■ **Work required**: Copy the lines below word for word, skipping any image.
....
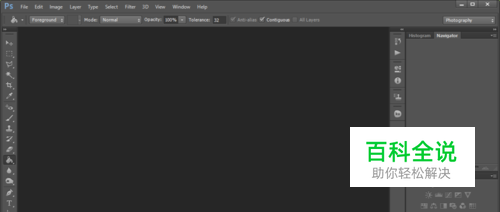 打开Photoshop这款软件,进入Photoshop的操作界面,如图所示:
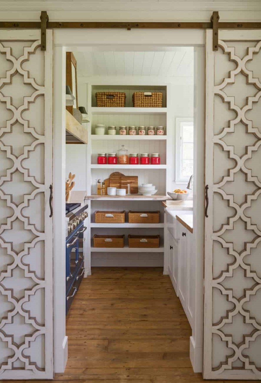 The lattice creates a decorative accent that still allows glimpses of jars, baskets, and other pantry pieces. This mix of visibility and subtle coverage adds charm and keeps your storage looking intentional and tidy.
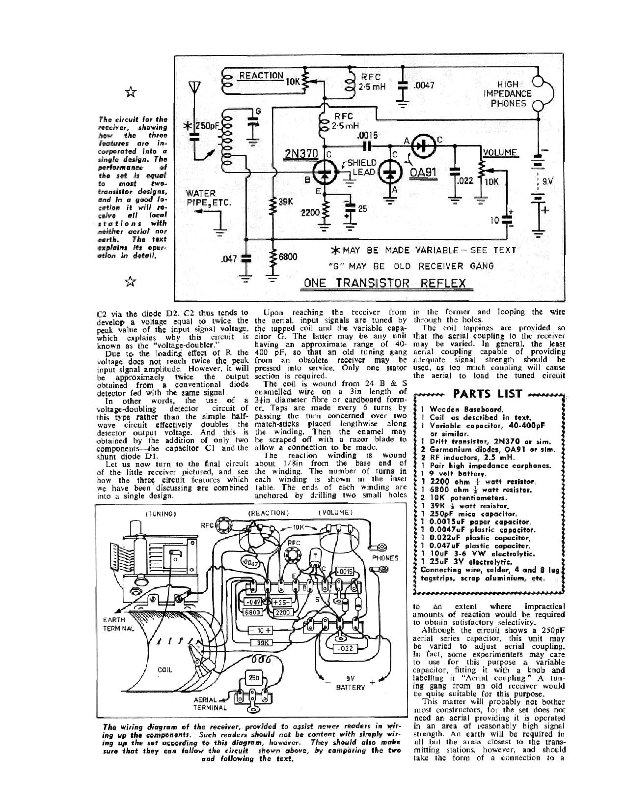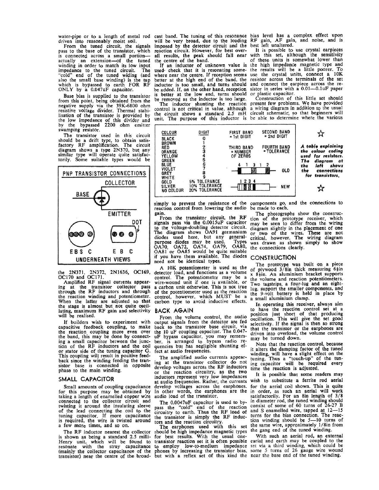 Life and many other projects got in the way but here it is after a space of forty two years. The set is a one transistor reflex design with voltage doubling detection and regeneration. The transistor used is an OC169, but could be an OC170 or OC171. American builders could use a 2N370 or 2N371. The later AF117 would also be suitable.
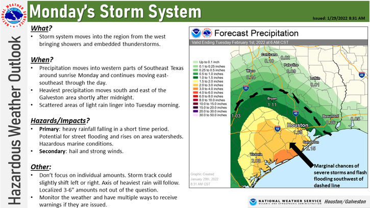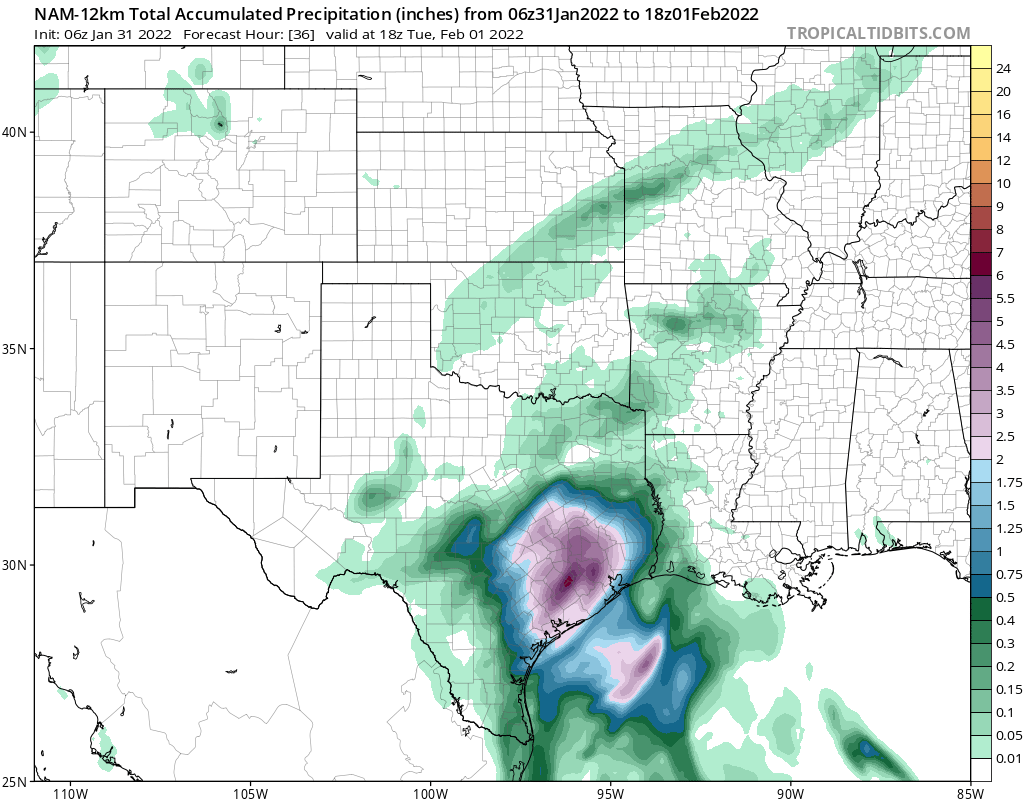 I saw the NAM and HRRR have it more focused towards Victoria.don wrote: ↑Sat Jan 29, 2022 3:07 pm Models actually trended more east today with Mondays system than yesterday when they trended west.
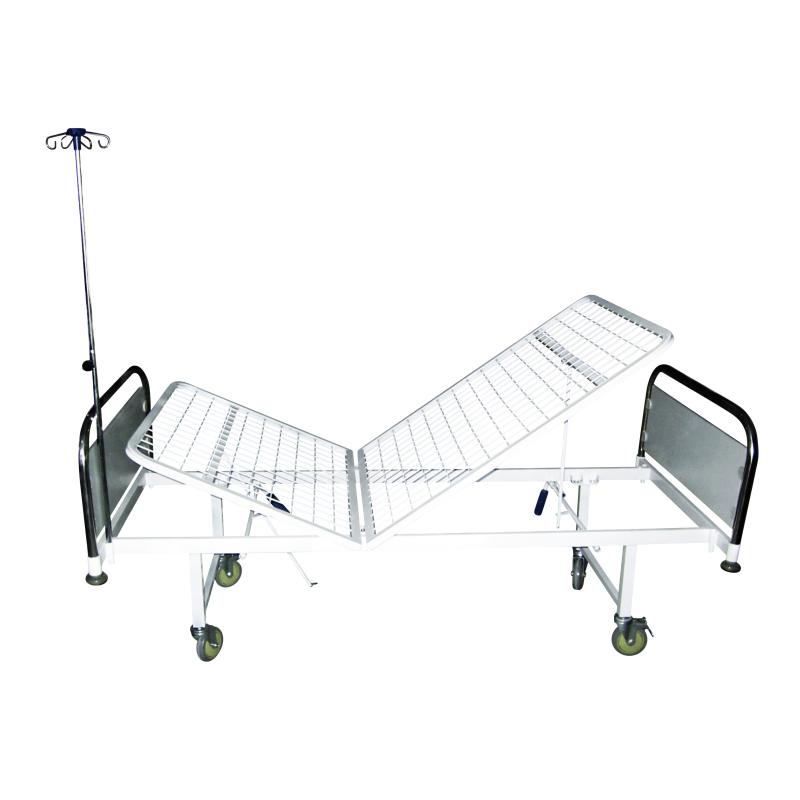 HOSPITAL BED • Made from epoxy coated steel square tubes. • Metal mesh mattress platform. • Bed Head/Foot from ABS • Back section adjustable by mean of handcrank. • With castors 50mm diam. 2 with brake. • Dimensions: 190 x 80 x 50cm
....
■ **Exercise result**:
 打开Photoshop这款软件,进入Photoshop的操作界面,如图所示:
 The lattice creates a decorative accent that still allows glimpses of jars, baskets, and other pantry pieces. This mix of visibility and subtle coverage adds charm and keeps your storage looking intentional and tidy.
 Life and many other projects got in the way but here it is after a space of forty two years. The set is a one transistor reflex design with voltage doubling detection and regeneration. The transistor used is an OC169, but could be an OC170 or OC171. American builders could use a 2N370 or 2N371. The later AF117 would also be suitable.
 I saw the NAM and HRRR have it more focused towards Victoria.don wrote: ↑Sat Jan 29, 2022 3:07 pm Models actually trended more east today with Mondays system than yesterday when they trended west.
 HOSPITAL BED • Made from epoxy coated steel square tubes. • Metal mesh mattress platform. • Bed Head/Foot from ABS • Back section adjustable by mean of handcrank. • With castors 50mm diam. 2 with brake. • Dimensions: 190 x 80 x 50cm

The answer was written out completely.